Better to avoid this uncomfortable eventuality, the Scottish Tories are going bananas this weekend. Unable to exert any sway to speak of on the wider membership of their party, their best and only strategy is to keep Johnson off the ballot paper. To this end, they’re trying to get their retaliation in first, striving to smash the fantasy I’ve just sketched out to you before it can gather its ectoplasm.

According to that hardy perennial – the anonymous Scottish Tory MP courageously briefing against their colleagues – Johnson “is disliked intensely in Scotland and would gift-wrap independence for Nicola Sturgeon”. This time remembering to put country before party, a second source told the Herald, “if Boris becomes PM, it would be a disaster for Scotland and the Conservatives”.

Others have gone reluctantly on record. Pressed about Johnson’s suitability for high office on BBC Scotland’s Debate Night, South Scotland MSP Michelle Ballantyne said “there’s a recognition that Boris Johnson would not play well in Scotland. I think we all recognise that.”

She added: “Having a Prime Minister who is interested about Scotland, who cares about Scotland, is important to us.”

We’ve been here before. Back in October last year, the Scottish party formed a secret cell under the friendly title of “Operation Arse”. The arse in question was Mr Johnson’s, and the operation was the Scottish Tory effort to persuade colleagues south of the Border to elect more or less anyone else. The only public dissenter from this inhumation mission was Johnson cosplayer Ross Thomson, who branded his colleagues “arseholes” for their leadership manoeuvrings. We can only assume that Scottish Tory sphincters are tightening again.

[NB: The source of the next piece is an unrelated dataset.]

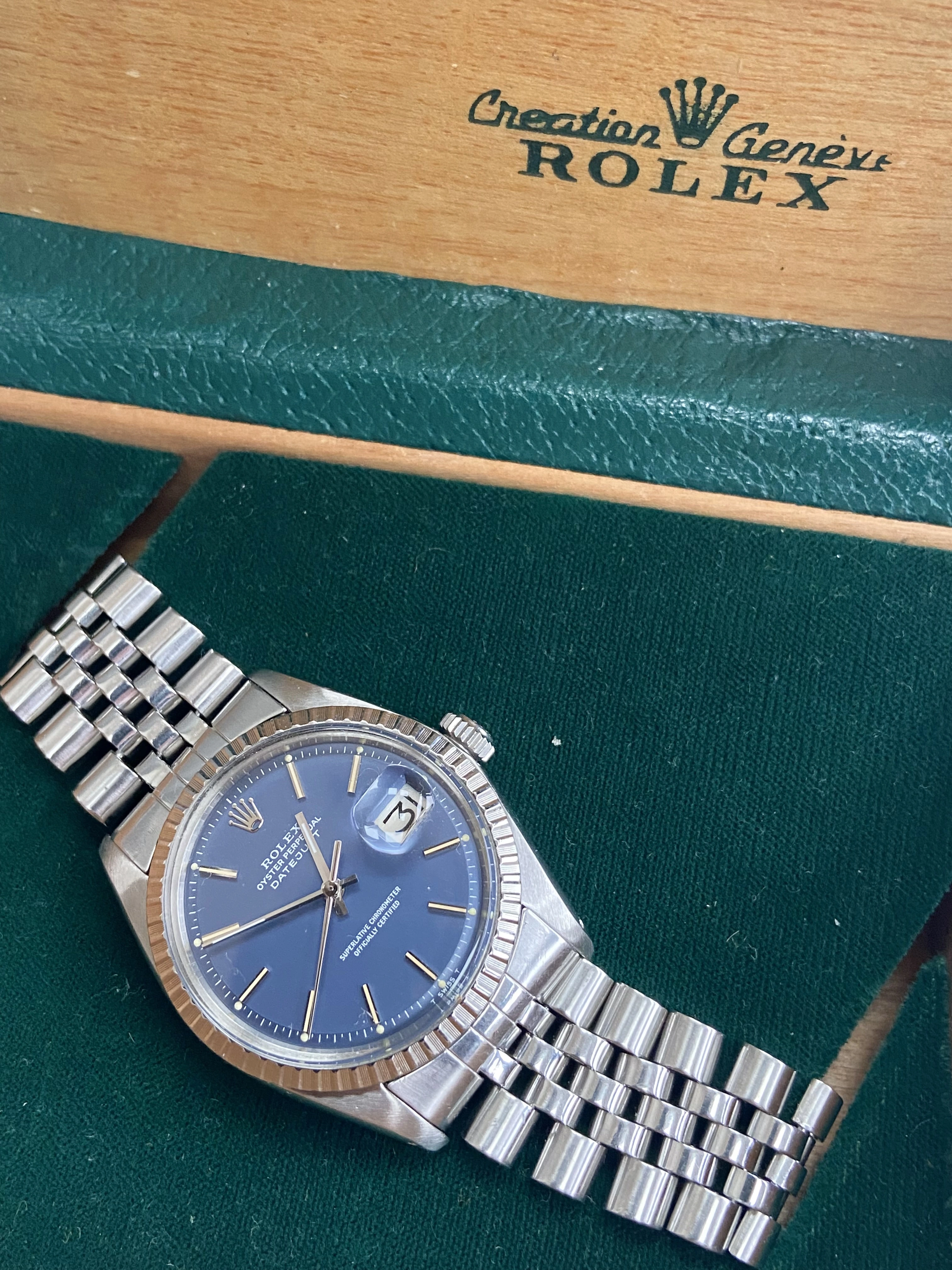 Offering for sale a vintage 1970’s Rolex DateJust 1603 with blue pie pan type dial. I’ve had a 16030 blue dial datejust before but this blue is nicer, less saturated and more of a pastel blue. Comes with its original coffin style Rolex box and service cards showing it was fully serviced by Rolex in 2011 and 2017.

Their anxieties seem well founded. The party ran the numbers in internal polling back in 2018, inviting the Scottish public to react to the prospect of Johnson in Number 10. They concluded that Boris’s tangled headship might cost the party 12 of their 13 Westminster seats and throw further barbs on to the path of thorns lying between Ruth Davidson and any serious pitch for Bute House. You can understand why these findings might focus minds. It is difficult to believe Boris Johnson’s appeal is wider and deeper with Scots now than it was last year.

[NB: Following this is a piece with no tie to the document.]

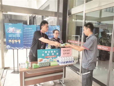 近日,石景山区古城街道领秀商务楼宇工作站联合街道工会,为辖区网约车司机、快递小哥等送上“夏日清凉”。入伏以来,领秀商务楼宇工作站在每个楼宇大厅内设立站点,配备冰镇饮品和防暑药品,同时在“京东分拣点”开展了义诊和剪发服务。

There’s many a slip ‘twixt the cup and the lip. Johnson might screw it up again. Perhaps MPs – antipathetic to him – will conspire to keep him out of the final two. The victor might be any one of the deeply malign bunch of doughballs, cynics, halfwits, self-deceivers, self-promoters, lunatics, heartless ghouls, heart-felt ghouls, carrion-crawlers, chancers, crooks, dogwhistlers, oddballs and blazered weirdos likely to be in contention.

Whether it is Gove or Leadsom, Johnson or Raab, whichever character emerges as the victor, Ruth Davidson’s party will be left pondering their own identity crisis – a crisis which Theresa May’s leadership only deferred. The question is this: are they truly a distinct party with distinct identity and politics, or just a local branch, marching in lock step with their southern colleagues?

Thus far, Davidson has tried to speak in both voices, selectively associating herself with and distancing herself from the work of her London colleagues, as self-interest tends. She wants to take the credit, and to avoid responsibility for the unpopular decisions. This constructive ambiguity cannot be sustained forever. Boris or not, when Theresa May’s ankles finally rust through, for Scottish Tories, there’s no avoiding the discord.